» **Task instructions**: For this task, output exactly the lines of the material below starting at the line with "种什么、怎么种,也动了脑筋。" and ending at the line with "作為廣州唯一一家工業互聯網領"; pictures are to be excluded.

» **Information**:

--

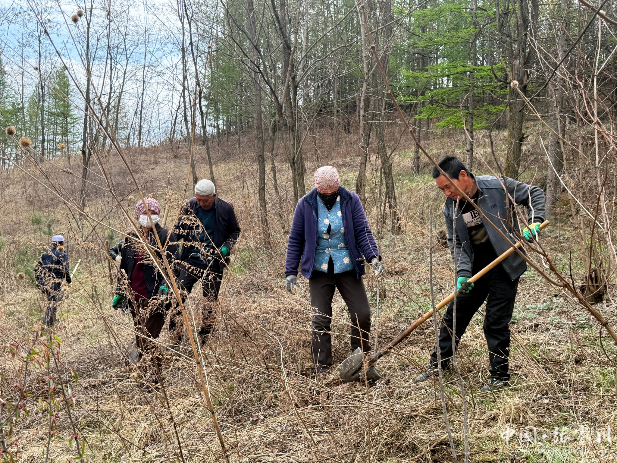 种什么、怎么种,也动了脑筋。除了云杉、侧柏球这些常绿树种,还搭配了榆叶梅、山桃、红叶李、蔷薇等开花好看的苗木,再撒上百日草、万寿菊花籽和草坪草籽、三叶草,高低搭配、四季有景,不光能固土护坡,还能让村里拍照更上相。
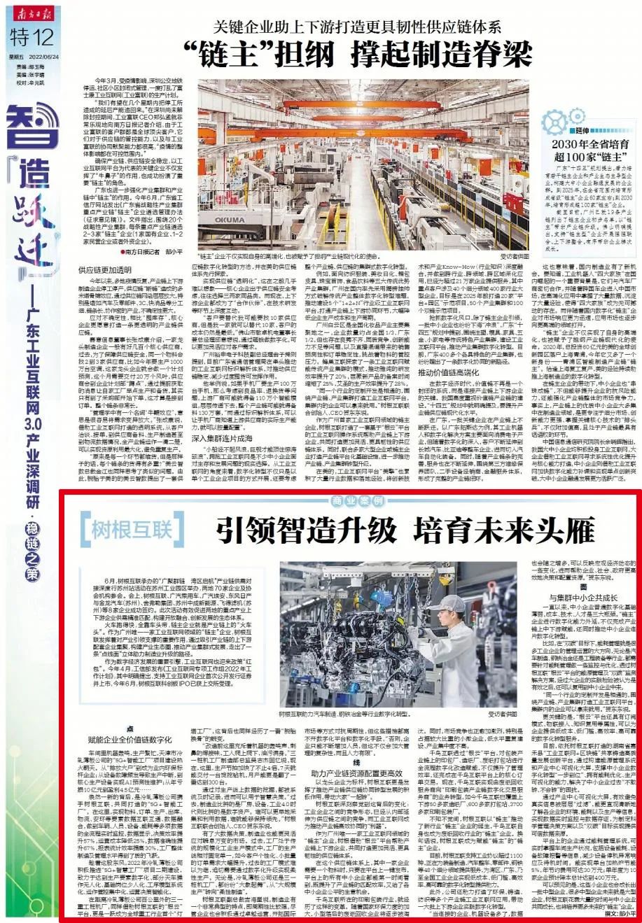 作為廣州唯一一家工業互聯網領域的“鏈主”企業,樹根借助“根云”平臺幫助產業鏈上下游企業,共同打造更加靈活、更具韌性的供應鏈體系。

--

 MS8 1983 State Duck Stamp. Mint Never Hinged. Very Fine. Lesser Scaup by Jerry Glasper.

--

» **Your response**:
 种什么、怎么种,也动了脑筋。除了云杉、侧柏球这些常绿树种,还搭配了榆叶梅、山桃、红叶李、蔷薇等开花好看的苗木,再撒上百日草、万寿菊花籽和草坪草籽、三叶草,高低搭配、四季有景,不光能固土护坡,还能让村里拍照更上相。
 作為廣州唯一一家工業互聯網領域的“鏈主”企業,樹根借助“根云”平臺幫助產業鏈上下游企業,共同打造更加靈活、更具韌性的供應鏈體系。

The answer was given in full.